First Person?
posted on 01.21.2006 at 8:13 PM
My first person is currently typing into his Palm, sitting in a dark-wood chair, surrounded by white-washed walls, about 20 meters from a huge lake just a bit northwest of the southern tip of India. (The tsunami had to hang a quick right to get near here, but still managed to kill about 160 people.)
A couple of hours ago his pre-dawn tossin' and turnin' -- as the overhead-fan mixed the thick air -- produced an idea, one that feels large by the standards of his circumscribed world. This idea enabled him to sketch out -- for the first time -- the somewhat more ambitious structure he had been contemplating for the book.
A bit on that idea in another post. The question I'm dealing with now is whether a few small slots in that new scheme should be reserved for that first person -- aka "me."

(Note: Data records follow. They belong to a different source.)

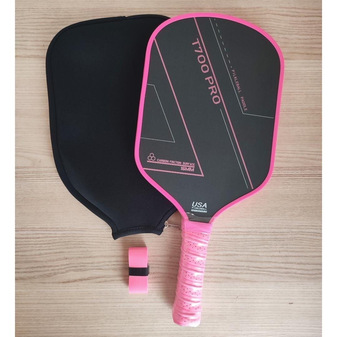 - ピックルボール パドル T700生カーボンファイバー ピンク 16mm カバー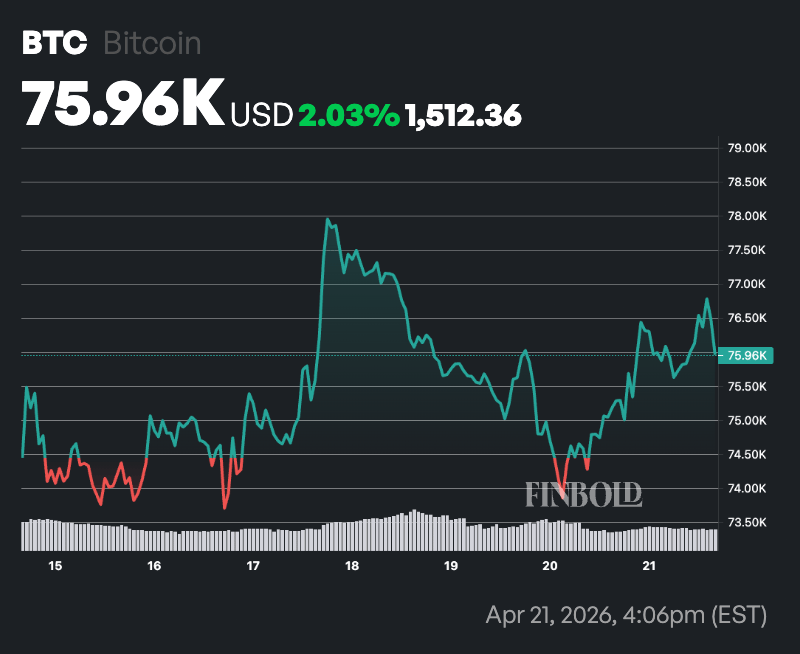 By press time, Bitcoin was trading at $75,964, up about 1% over the past 24 hours, while on the weekly timeframe, BTC has gained 2%.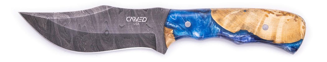 Carved Knives are hand forged, ground and sharpened Damascus Steel blades. Every single blade is forged and ground by hand, no CNC touches our blades. Once the blade is ready, we match it with our one-of-a-kind Wood+Resin material that guarantees no one will have a knife like yours. The handle is then sanded smooth and polished to a fine semi-gloss finish. We have gone to great lengths to ensure the quality of this blade will last a lifetime and is something that you will be proud to pass on. Each knife is 100% Made in America. The blade, the sheath, the handle. Everything.
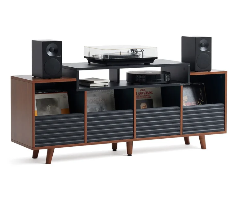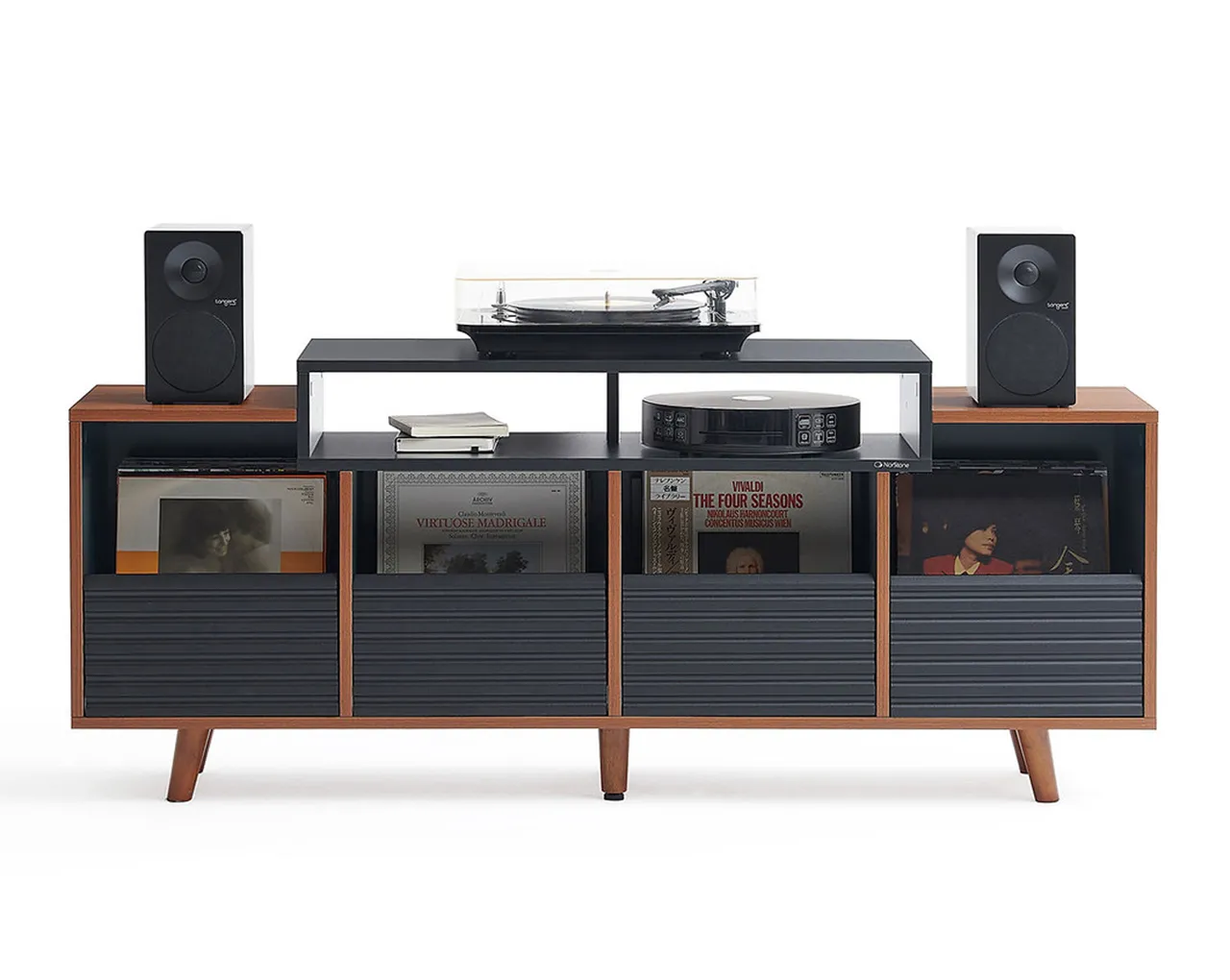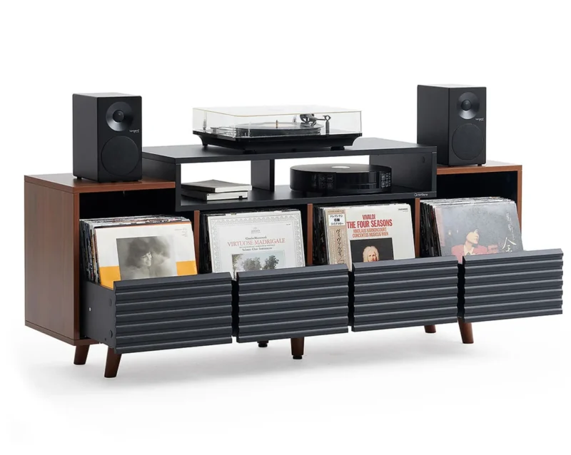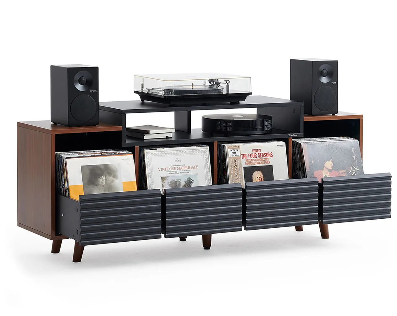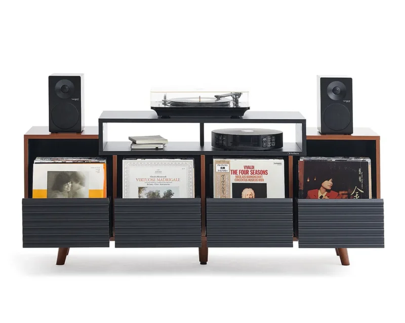 - Prostor za do 320 vinilnih plošč: štirje prostorni predali omogočajo varno in pregledno shranjevanje velike zbirke LP plošč.
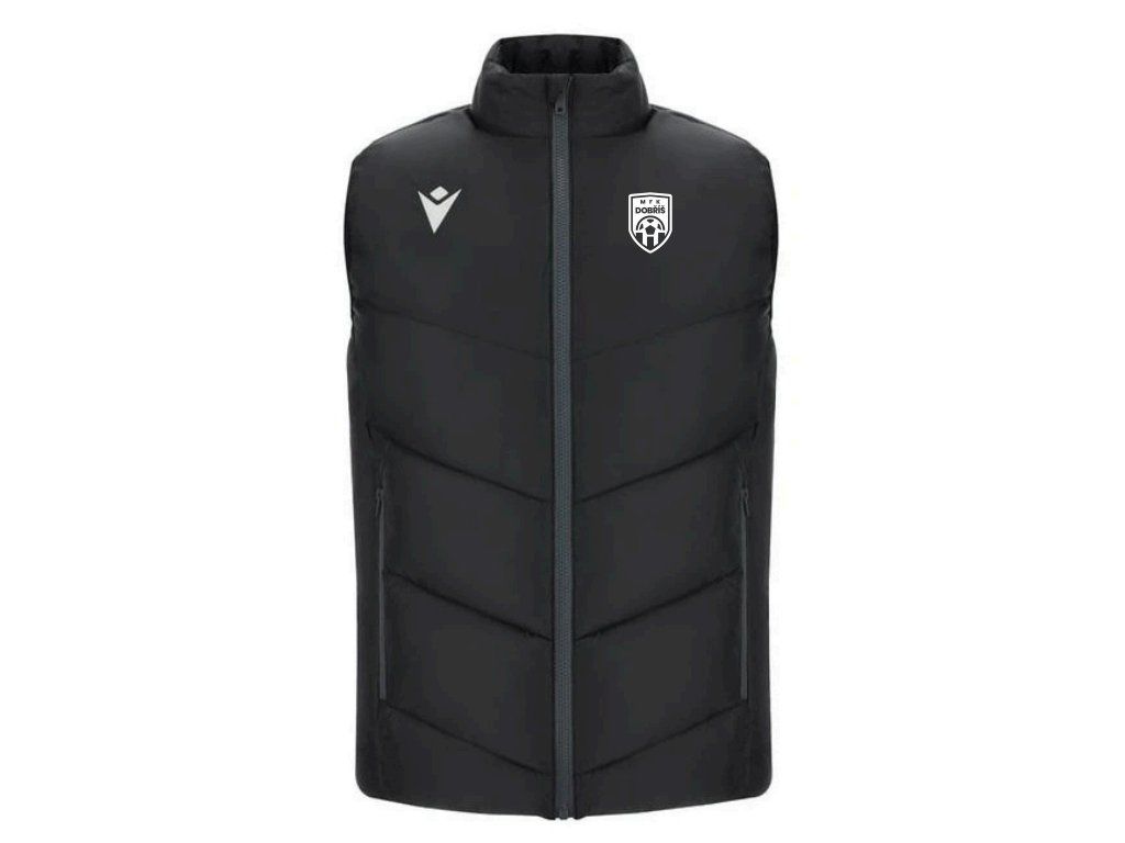 Průramky jsou zakončeny lycrovým lemem, který zajišťuje pohodlné přiléhání a volnost pohybu. Na hrudi je umístěno logo MFK Dobříš, díky čemuž je vesta ideální součástí klubového outfitu pro trénink, cestování i volný čas.
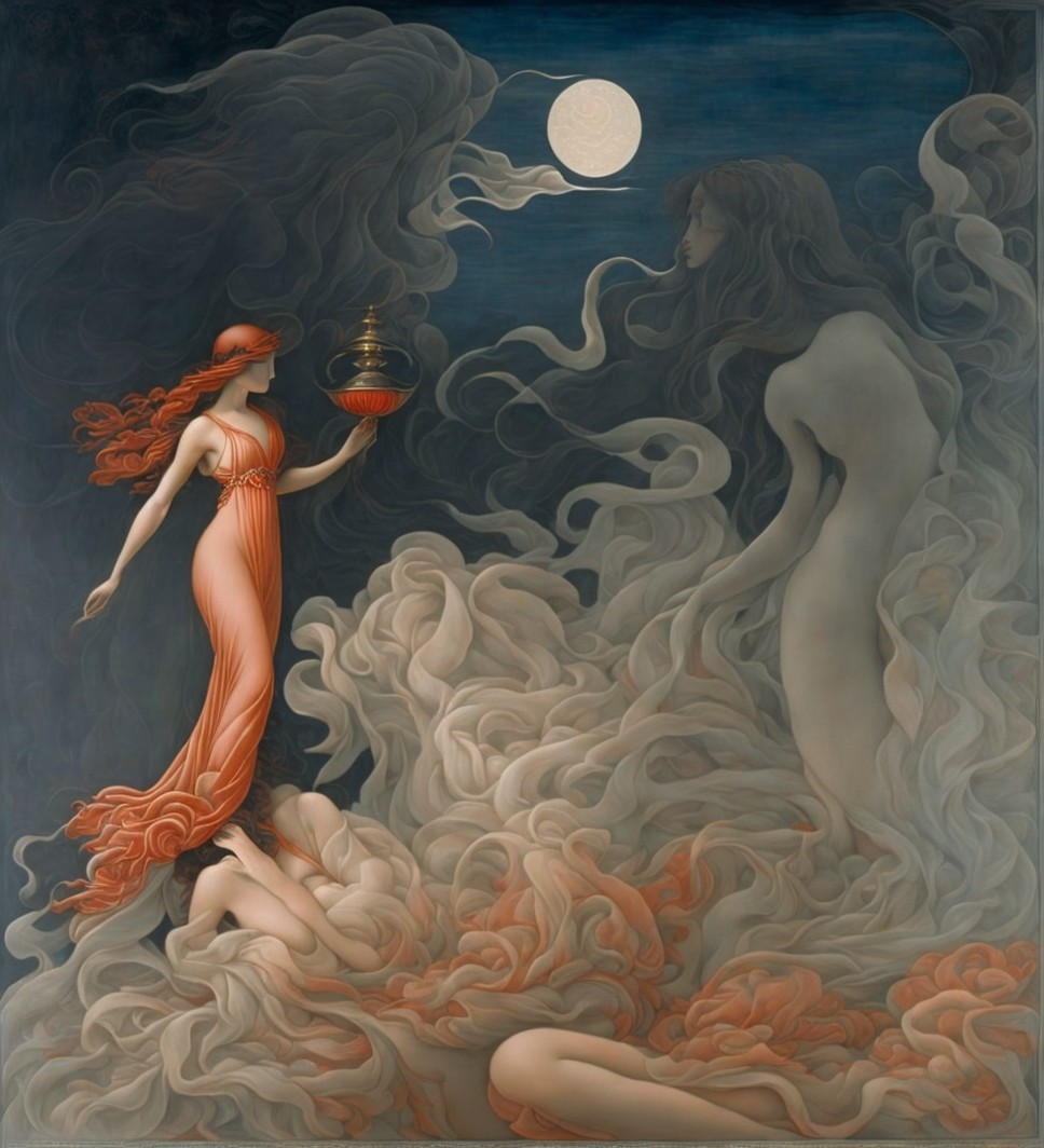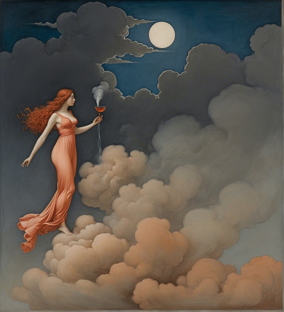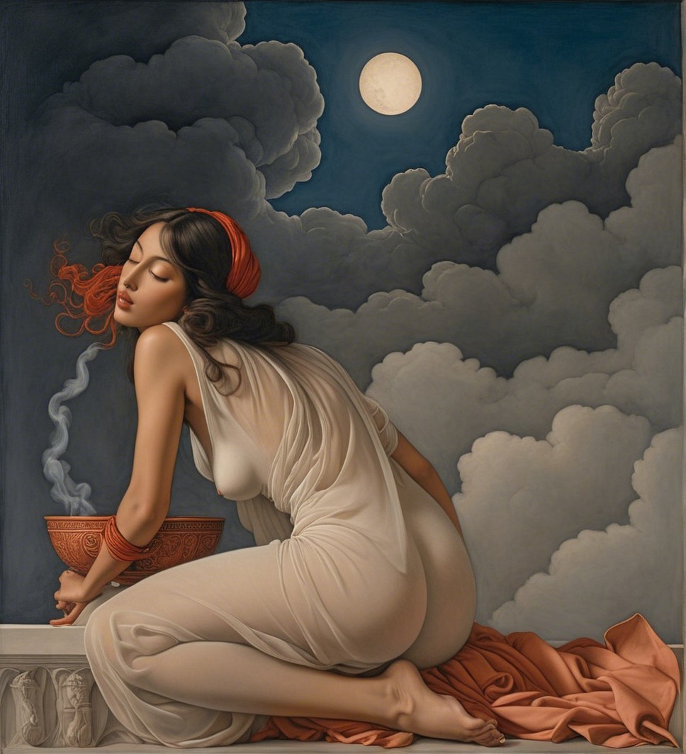 A serene woman in a flowing gown sits gracefully against a backdrop of starry night skies and a glowing moon, surrounded by soft, billowing clouds, evoking a dreamlike atmosphere.

Do readers -- potentially "you," if you haven't had your fill of this stuff -- want to know, for example, whether their author had his own irreligious epiphany and from what religion he might conceivably be "ir"?
Should there be personal anecdotes?
** "The first time I realized how uncomfortable discussions of atheism could become was when I...."
** Our intrepid book writer manages to locate the site of Bonner's Field -- the outdoor meeting area in London, where, in the mid-19th-century, religious and irreligious freely held forth.
My first person -- who, mind you, wrote a whole book once without ever using the word "I" -- is now watching a cloud-muted dawn attempt to return greens and pinks to the lush landscape. And he ("I") is ("am") currently feeling awfully self-satisfied, on account of this new organizational idea.
Yo, second persons! Do you ("you") care?
posted by Mitchell Stephens at 8:13 PM | Comments (3)
Impiety
posted on 01.17.2006 at 5:21 PM
OK, here I am typing notes about how atheism was and was not punished in Athens while a yoga master is singing a rather lovely relaxation song in my hotel room. (The song is interrupted for a moment by a call on his cell phone, but that's not the point we're after.) My wife has hired this fellow and apparently there was no other place in the hotel where he could check her form on "the sun salutation" and try to get her breathing right.
In Athens impiety or disrespect toward the gods -- asebeia -- was a crime, occasionally punished, occasionally by death. I feel guilty of asebeia in general and guilty of impiety specifically, at this moment, toward yoga, yogis, masters, gurus, etc. Here in India, as he sings, she breathes and I type, it is not a particularly happy feeling.
Atheists insist, persuasively, that the absence of a belief in god does not lead to any absence of wonder at the universe. Awe and humility also seem quite acheivable. But how about reverence? And is it possible to be an atheist and still respond with piety to lovely songs, to a world that brings yogis into your hotel room?
posted by Mitchell Stephens at 5:21 PM | Comments (0)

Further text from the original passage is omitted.